The helm chart ships infra/gateway/helm/templates/prometheus-rules.yaml with four PrometheusRule templates per the production-grade observability checklist. All are off by default (monitoring.prometheusRules.enabled: false); the runbook in docs/operations/observability-runbook.md §4 walks operators through a one-week baseline-then-enable workflow rather than shipping pre-tuned thresholds that drift from real traffic.

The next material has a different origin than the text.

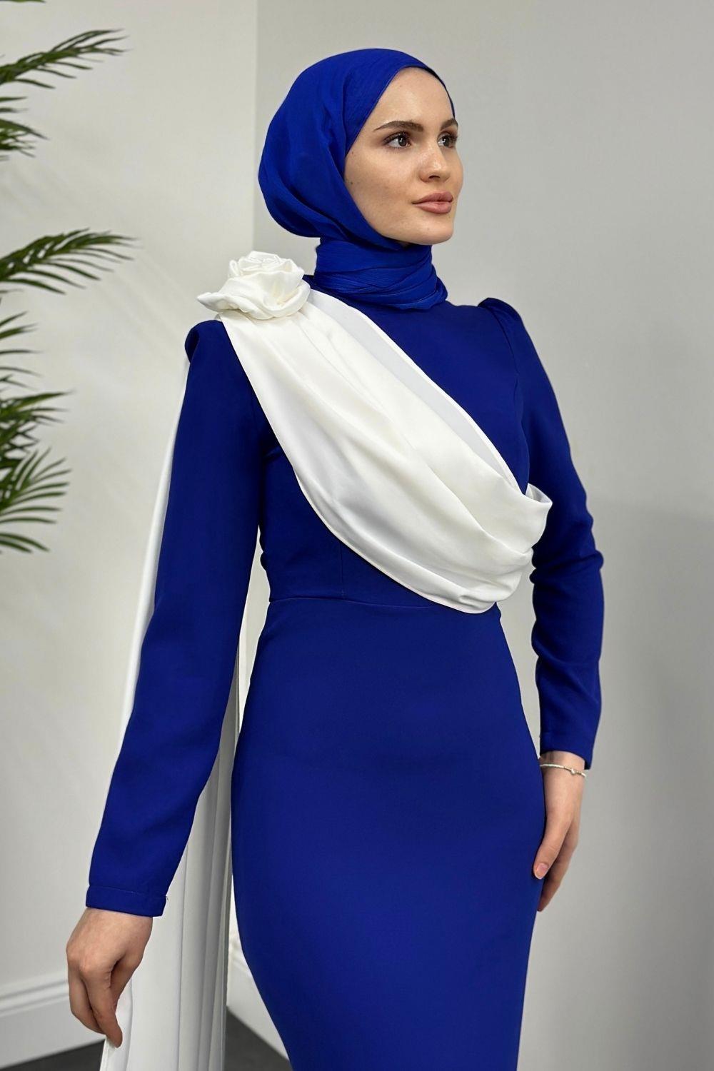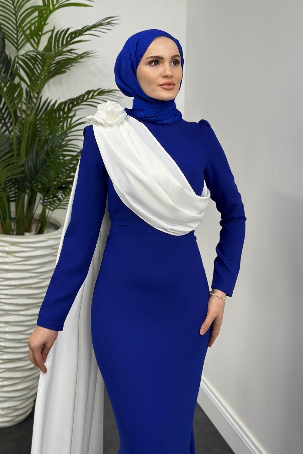 Castilya Pelerinli Omzu Gül Abiye Sax

Alert Default threshold Primary input
MetisLLMCallLatencyP99High p99 > 30s, 5m metis_llm_call_latency_seconds_bucket
MetisLLMErrorRateHigh error rate > 5%, 10m metis_llm_call_errors_total / metis_llm_calls_total
MetisGatewayAuthFailureRateHigh > 0.1/sec, 5m metis_gateway_auth_failures_total
MetisGatewayKeyCostSpike > $10/hour/key, 10m metis_gateway_key_cost_usd_total

Each rule’s threshold, for, severity, and enabled flags are exposed in values.yaml under monitoring.prometheusRules.<rule> so buyers can tune without editing the chart. The runbook covers the runtime triage path for each alert; see docs/operations/observability-runbook.md §2.

The chart also ships a default Grafana dashboard at infra/gateway/helm/dashboards/metis-gateway.json that buyers import into their Grafana instance; it visualizes every metric in §3 plus the §3.2 extensions, partitioned into five rows (Traffic & Latency, Errors, Routing & Tools, Gateway Auth & Cost, Quotas & Active Keys + WAL).